- [Exercise aim] Transcribe the listing below verbatim, omitting pictures.

- [Recorded information]
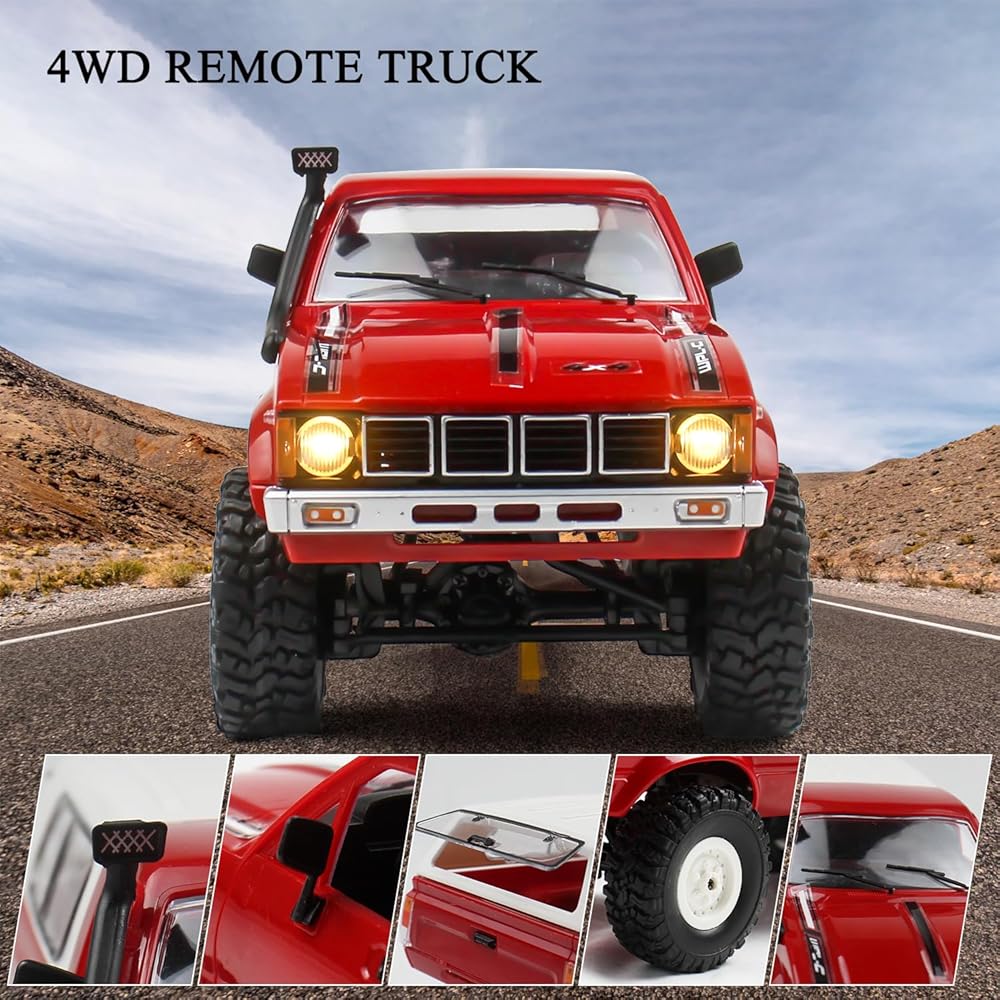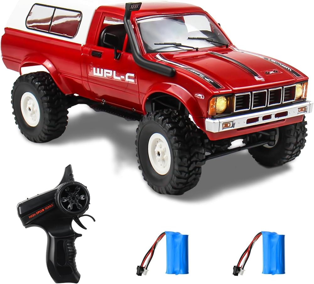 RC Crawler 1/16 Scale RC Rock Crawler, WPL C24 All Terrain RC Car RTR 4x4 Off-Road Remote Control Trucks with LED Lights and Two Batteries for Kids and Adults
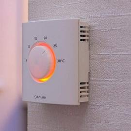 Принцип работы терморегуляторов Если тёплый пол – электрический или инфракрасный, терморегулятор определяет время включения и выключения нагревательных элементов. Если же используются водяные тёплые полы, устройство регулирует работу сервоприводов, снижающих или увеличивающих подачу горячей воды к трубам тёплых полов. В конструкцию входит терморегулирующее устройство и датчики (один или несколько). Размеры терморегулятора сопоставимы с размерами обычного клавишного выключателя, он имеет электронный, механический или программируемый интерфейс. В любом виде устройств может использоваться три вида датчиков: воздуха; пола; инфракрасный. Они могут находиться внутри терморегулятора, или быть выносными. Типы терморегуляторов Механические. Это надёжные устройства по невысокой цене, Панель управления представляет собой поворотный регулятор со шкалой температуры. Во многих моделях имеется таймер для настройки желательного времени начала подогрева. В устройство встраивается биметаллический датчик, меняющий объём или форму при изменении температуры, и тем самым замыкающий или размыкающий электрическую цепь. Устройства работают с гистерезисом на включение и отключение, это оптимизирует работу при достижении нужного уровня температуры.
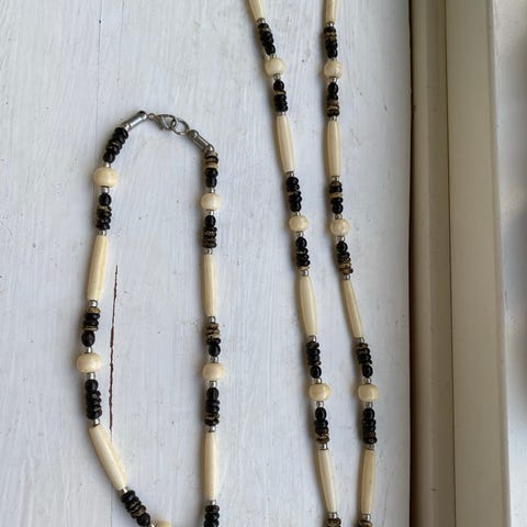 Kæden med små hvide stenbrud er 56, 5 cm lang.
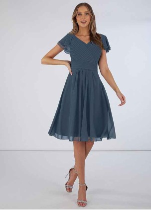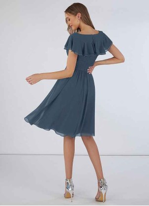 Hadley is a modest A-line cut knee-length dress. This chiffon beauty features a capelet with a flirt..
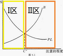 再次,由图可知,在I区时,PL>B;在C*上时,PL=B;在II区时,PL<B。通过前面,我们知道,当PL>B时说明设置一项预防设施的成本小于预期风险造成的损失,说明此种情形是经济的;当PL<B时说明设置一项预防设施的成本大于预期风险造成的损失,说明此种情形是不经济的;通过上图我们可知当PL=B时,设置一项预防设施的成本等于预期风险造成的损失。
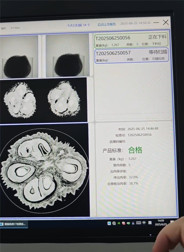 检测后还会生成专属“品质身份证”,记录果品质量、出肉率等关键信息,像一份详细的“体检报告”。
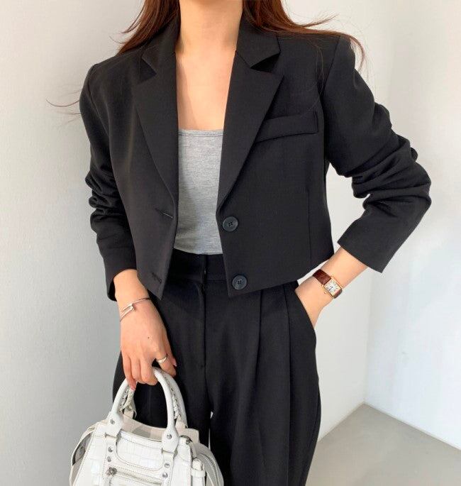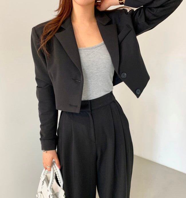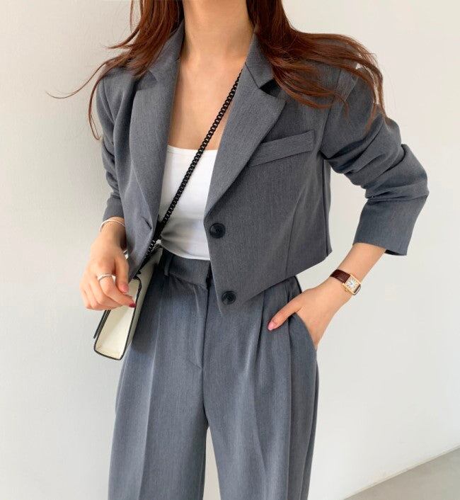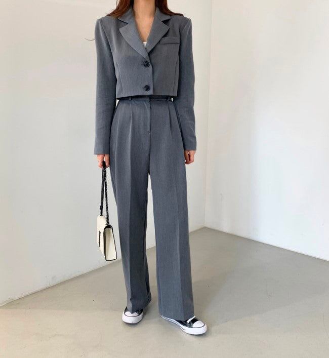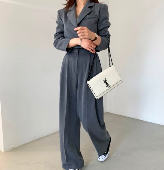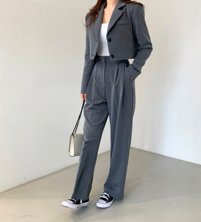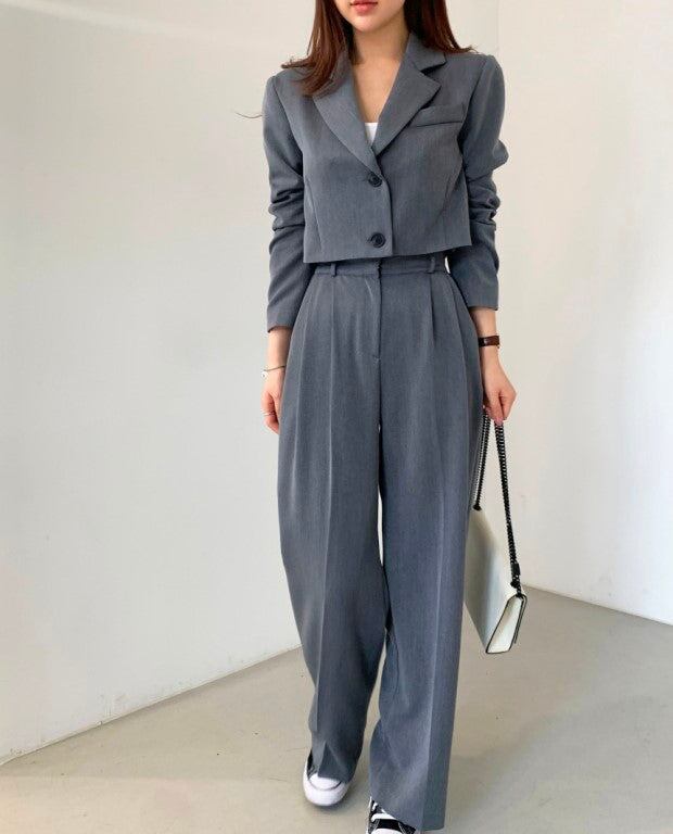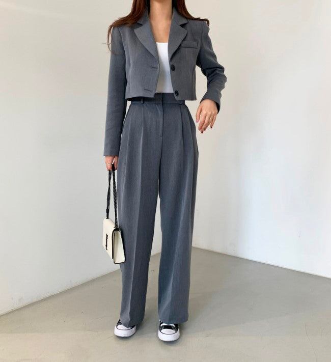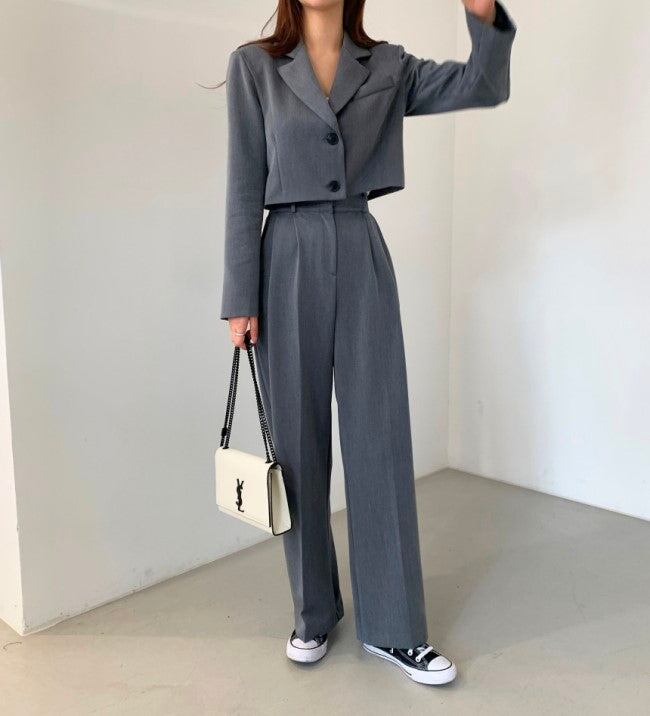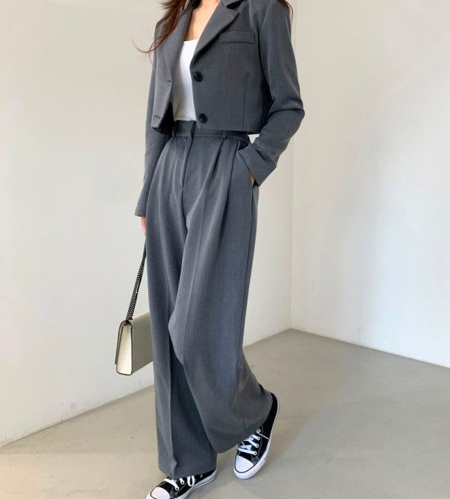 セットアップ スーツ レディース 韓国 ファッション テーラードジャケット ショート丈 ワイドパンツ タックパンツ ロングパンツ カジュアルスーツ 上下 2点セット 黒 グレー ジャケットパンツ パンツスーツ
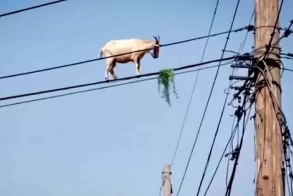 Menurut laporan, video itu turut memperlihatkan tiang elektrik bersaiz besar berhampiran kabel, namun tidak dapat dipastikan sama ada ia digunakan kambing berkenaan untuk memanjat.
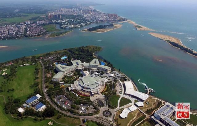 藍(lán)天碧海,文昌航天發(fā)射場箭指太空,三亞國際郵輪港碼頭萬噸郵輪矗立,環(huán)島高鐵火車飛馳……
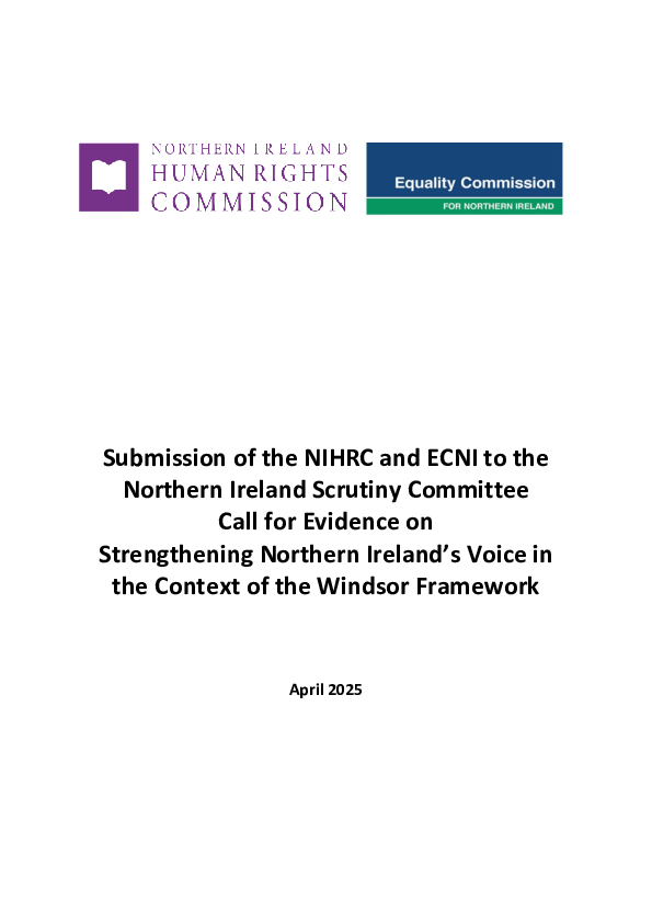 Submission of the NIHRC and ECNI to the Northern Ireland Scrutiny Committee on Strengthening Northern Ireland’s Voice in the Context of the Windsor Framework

- [Response to the task]
 RC Crawler 1/16 Scale RC Rock Crawler, WPL C24 All Terrain RC Car RTR 4x4 Off-Road Remote Control Trucks with LED Lights and Two Batteries for Kids and Adults
 Принцип работы терморегуляторов Если тёплый пол – электрический или инфракрасный, терморегулятор определяет время включения и выключения нагревательных элементов. Если же используются водяные тёплые полы, устройство регулирует работу сервоприводов, снижающих или увеличивающих подачу горячей воды к трубам тёплых полов. В конструкцию входит терморегулирующее устройство и датчики (один или несколько). Размеры терморегулятора сопоставимы с размерами обычного клавишного выключателя, он имеет электронный, механический или программируемый интерфейс. В любом виде устройств может использоваться три вида датчиков: воздуха; пола; инфракрасный. Они могут находиться внутри терморегулятора, или быть выносными. Типы терморегуляторов Механические. Это надёжные устройства по невысокой цене, Панель управления представляет собой поворотный регулятор со шкалой температуры. Во многих моделях имеется таймер для настройки желательного времени начала подогрева. В устройство встраивается биметаллический датчик, меняющий объём или форму при изменении температуры, и тем самым замыкающий или размыкающий электрическую цепь. Устройства работают с гистерезисом на включение и отключение, это оптимизирует работу при достижении нужного уровня температуры.
 Kæden med små hvide stenbrud er 56, 5 cm lang.
 Hadley is a modest A-line cut knee-length dress. This chiffon beauty features a capelet with a flirt..
 再次,由图可知,在I区时,PL>B;在C*上时,PL=B;在II区时,PL<B。通过前面,我们知道,当PL>B时说明设置一项预防设施的成本小于预期风险造成的损失,说明此种情形是经济的;当PL<B时说明设置一项预防设施的成本大于预期风险造成的损失,说明此种情形是不经济的;通过上图我们可知当PL=B时,设置一项预防设施的成本等于预期风险造成的损失。
 检测后还会生成专属“品质身份证”,记录果品质量、出肉率等关键信息,像一份详细的“体检报告”。
 セットアップ スーツ レディース 韓国 ファッション テーラードジャケット ショート丈 ワイドパンツ タックパンツ ロングパンツ カジュアルスーツ 上下 2点セット 黒 グレー ジャケットパンツ パンツスーツ
 Menurut laporan, video itu turut memperlihatkan tiang elektrik bersaiz besar berhampiran kabel, namun tidak dapat dipastikan sama ada ia digunakan kambing berkenaan untuk memanjat.
 藍(lán)天碧海,文昌航天發(fā)射場箭指太空,三亞國際郵輪港碼頭萬噸郵輪矗立,環(huán)島高鐵火車飛馳……
 Submission of the NIHRC and ECNI to the Northern Ireland Scrutiny Committee on Strengthening Northern Ireland’s Voice in the Context of the Windsor Framework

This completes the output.